Studio album by Makgona Tsohle Band
- Released: 1983
- Recorded: 1983
- Genre: Mbaqanga
- Length: 40:00 approx.
- Label: Gallo Record Company
- Producer: West Nkosi

Makgona Tsohle Band chronology
| The Webb (1977) | Mathaka Vol 1 (1983) | Kotopo Vol 2 (1983) |

= Mathaka Vol 1 =

Mathaka Vol 1 is a 1983 album by the Makgona Tsohle Band, the instrumental backing group for Mahlathini and the Mahotella Queens, all of whom were based as musicians in the Mavuthela Music subsidiary of Gallo Africa.

Mathaka Vol 1 was the first album by the Makgona Tsohle Band after reuniting in early 1983 - they had disbanded circa 1977, though each member continued to work in the music industry, either as session musicians, producers, or a combination of the two. Both guitarist Marks Mankwane and saxophonist West Nkosi became musician-producers; Nkosi in particular became one of the top producers at Mavuthela, producing acts such as Ladysmith Black Mambazo, Mpharanyana, and Amaswazi Emvelo among others, whilst Mankwane produced other high-selling groups like Abafana Baseqhudeni and Walter and the Beggers, in addition to being the sole mentor and arranger for the popular Mahotella Queens.

The idea to reunite came as a result of Nkosi's clinching a deal with the SABC to co-produce a possible television series for the newly introduced black service in the country. Nkosi got the idea of five friends working as auto-mechanics in a township garage, playing their music whenever the garage owner left the building. As such, Nkosi and his Makgona Tsohle Bandmates Marks Mankwane, Joseph Makwela, Vivian Ngubane, and Lucky Monama, were the stars of the soap opera/musical comedy, Mathaka. The success of Mathaka led to Nkosi issuing this release.

Mathaka Vol 1 contained 1983 re-recordings of the band's 1960s and 1970s mbaqanga "heyday" hits, such as "Two Mabone", "Sikhulekile", "Vula Bops" and "Kupa Marama" (though none of the songs from this album were ever performed in the series). Also included is a recording of the popular tune "A Tear Fell".
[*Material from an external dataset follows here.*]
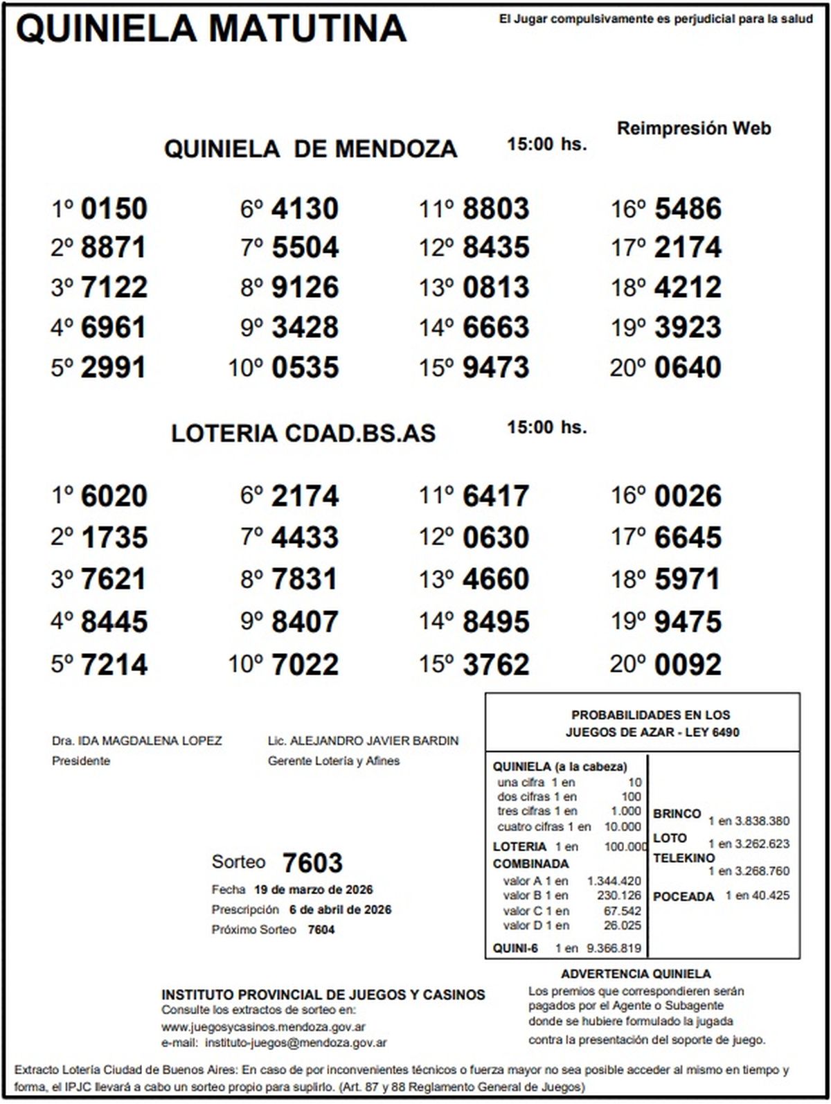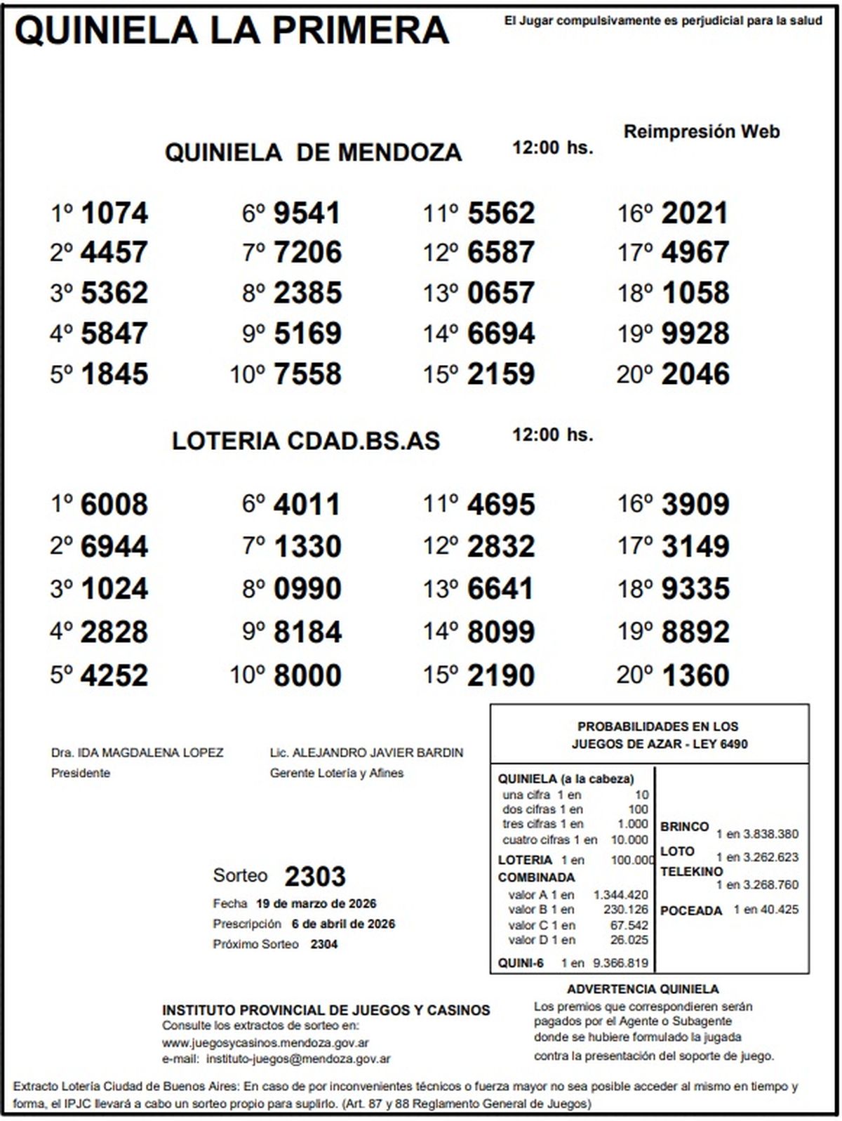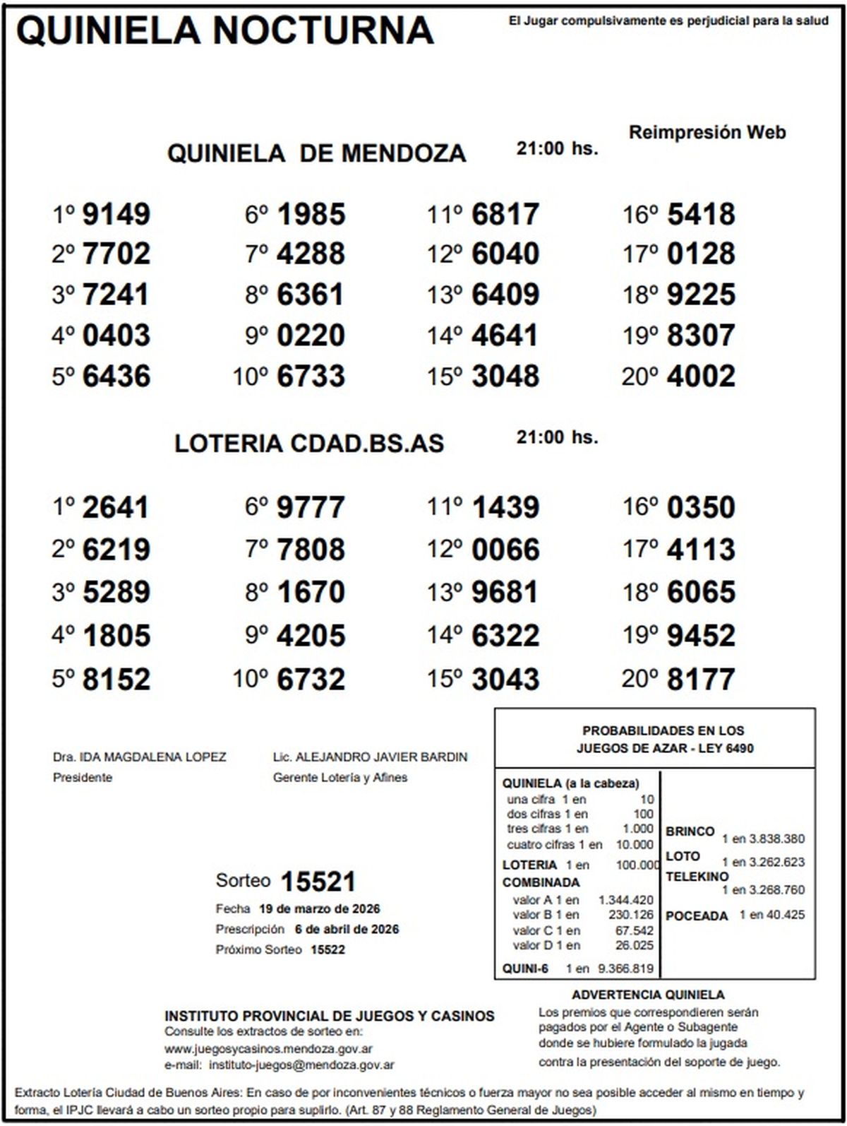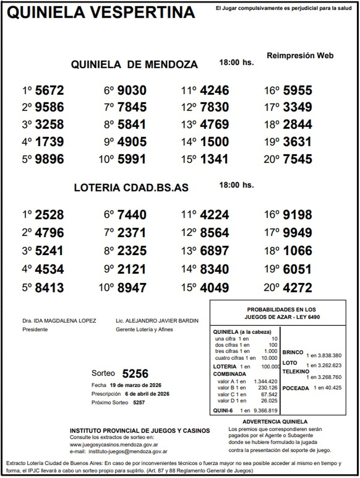 Quiniela de Mendoza: resultados de la Nocturna de hoy, 19 de marzo de 2026

The album was followed up the same year with Kotopo Vol 2 (which was composed entirely of songs that were performed in the series).

==Track listing==
1. "A Tear Fell" (Comp: Burton/Randolph)
2. "Two Mabone" (Nkosi)
3. "Kalamazoo" (Nkosi)
4. "Sikhulekile" (Mankwane)
5. "Vula Bops" (Nkosi)
6. "2 By 2" (Nkosi)
7. "Duba Duba" (Nkosi)
8. "17 Mabone" (Nkosi)
9. "Tsatsawane" (Nkosi)
10. "Stokvel Jive No. 1" (Nkosi)
11. "Kupa Marama" (Mankwane)
12. "X 14" (Makwela)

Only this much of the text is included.